Kekayaan Materi Bukanlah Segalanya

depresiNegara-negara makmur seperti Amerika Serikat, cenderung memiliki tingkat depresi lebih tinggi dibandingkan negara-negara berpenghasilan rendah seperti Meksiko, sebuah studi baru dari Organisasi Kesehatan Dunia (WHO). Selain melihat karakteristik pribadi seperti usia dan status hubungan, para peneliti membagi menurut pendapatan rumah tangga rata-rata.
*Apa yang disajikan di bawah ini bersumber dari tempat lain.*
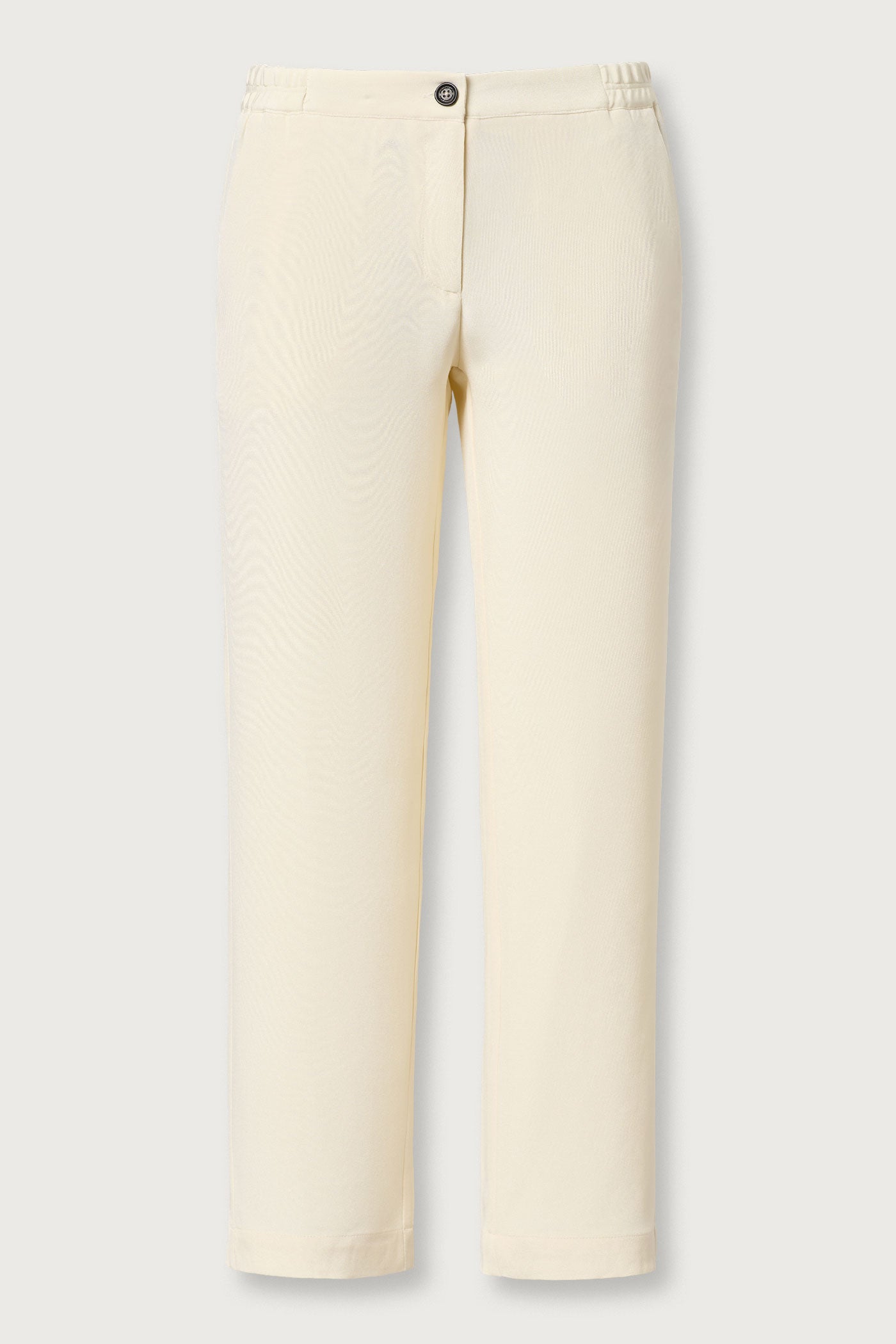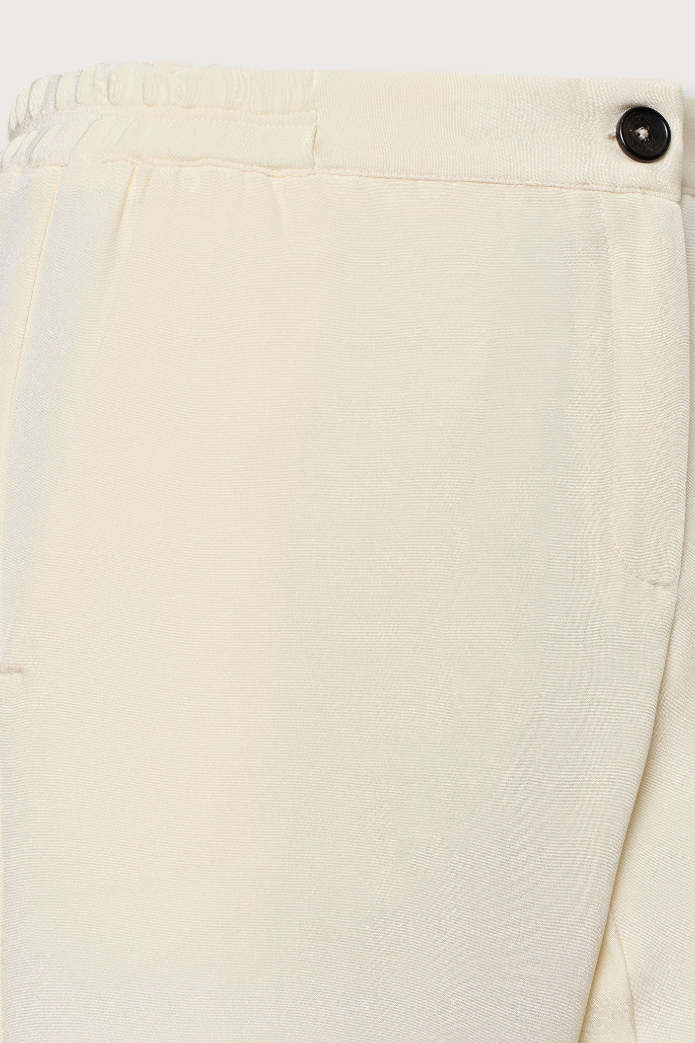 Classic-fit trousers, elastic waistband, front French pockets, back welt pockets, dark horn button and front zipper, ankle-length, made in silk. Made in Italy.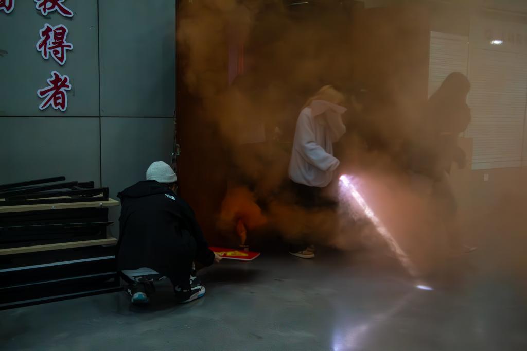 下午4点50分,消防演练正式拉开帷幕。随着火灾警报声响起,剧院内模拟烟雾弥漫,现场计时同步开始。在紧张而有序的氛围中,全体师生迅速反应,严格按照预先指导,用湿毛巾或手捂住口鼻,弯腰低姿,沿指定疏散路线快速、有序撤离。各区域负责人与引导人员全程在岗,沉着指挥,确保撤离过程无缝衔接、安全高效。待所有人员确认撤离后,工作人员最后离场。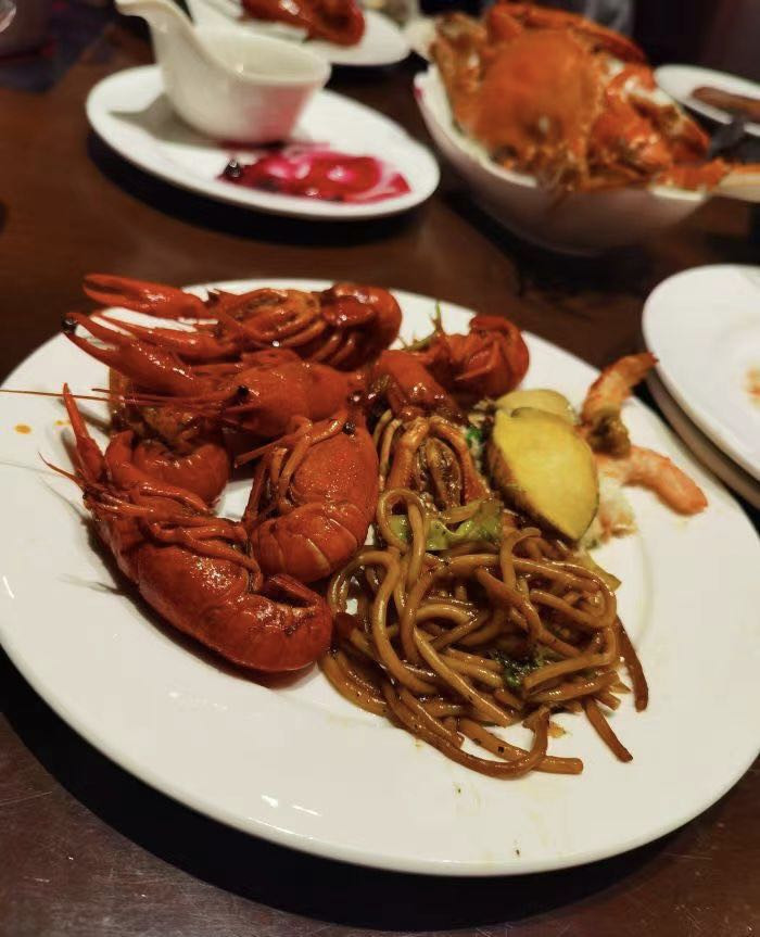 因为到了是晚上了就没出去,去的他家自助餐,真的是很丰盛,还有小火锅,食材都特别新鲜,尤其是他家的奶油蘑菇汤,北京烤鸭,三文鱼,阿根廷红虾,简直是不能自拔,太赞了。

Proporsi orang yang pernah mengalami depresi klinis dalam hidup mereka sebanyak 15% di negara berpenghasilan tinggi dan 11% di negara berpenghasilan rendah. Perancis (21%) dan Amerika Serikat (19%) memiliki tingkat tertinggi, sementara Cina (6,5%) dan Meksiko (8%) memiliki terendah.

Evelyn Bromet, PhD, penulis utama penelitian dan seorang profesor psikiatri dan ilmu perilaku di Stony Brook University, di Stony Brook, NY menekankan bahwa kekayaan dan kebahagiaan hanya sebuah konsep. "Dimanapun Anda berada, selalu ada orang yang melakukan lebih baik daripada kamu," kata Bromet. "Anda akan berpikir bahwa negara-negara yang lebih baik berarti memiliki tingkat depresi yang lebih rendah, hanya karena memiliki pendapatan tinggi tidak berarti tidak ada stres."

Selain itu, ia menambahkan, negara-negara terkaya di dunia juga cenderung memiliki tingkat ketidaksetaraan pendapatan, yang telah dikaitkan dengan tingkat depresi yang lebih tinggi serta banyak penyakit kronis lainnya. Hal ini mungkin mencerminkan perbedaan dalam tingkat depresi, tetapi bisa juga orang-orang di negara miskin untuk beberapa alasan berhubungan dengan depresi dari masa lalu mereka, tambahnya.

"Ada perbedaan yang signifikan pada negara-negara dalam hal ketersediaan dan penerimaan sosial dari pelayanan kesehatan mental untuk depresi," kata Timothy Classen, PhD, asisten profesor ekonomi di Universitas Loyola Chicago yang telah mempelajari hubungan antara ekonomi dan bunuh diri, yang mencatat bahwa ada stigma depresi di negara seperti Jepang daripada di Amerika Serikat. Classen mengatakan ini mungkin menjelaskan mengapa Jepang memiliki tingkat bunuh diri lebih tinggi, walaupun depresi, suku dalam penelitian ini adalah tiga sampai empat kali lebih rendah dibandingkan di AS.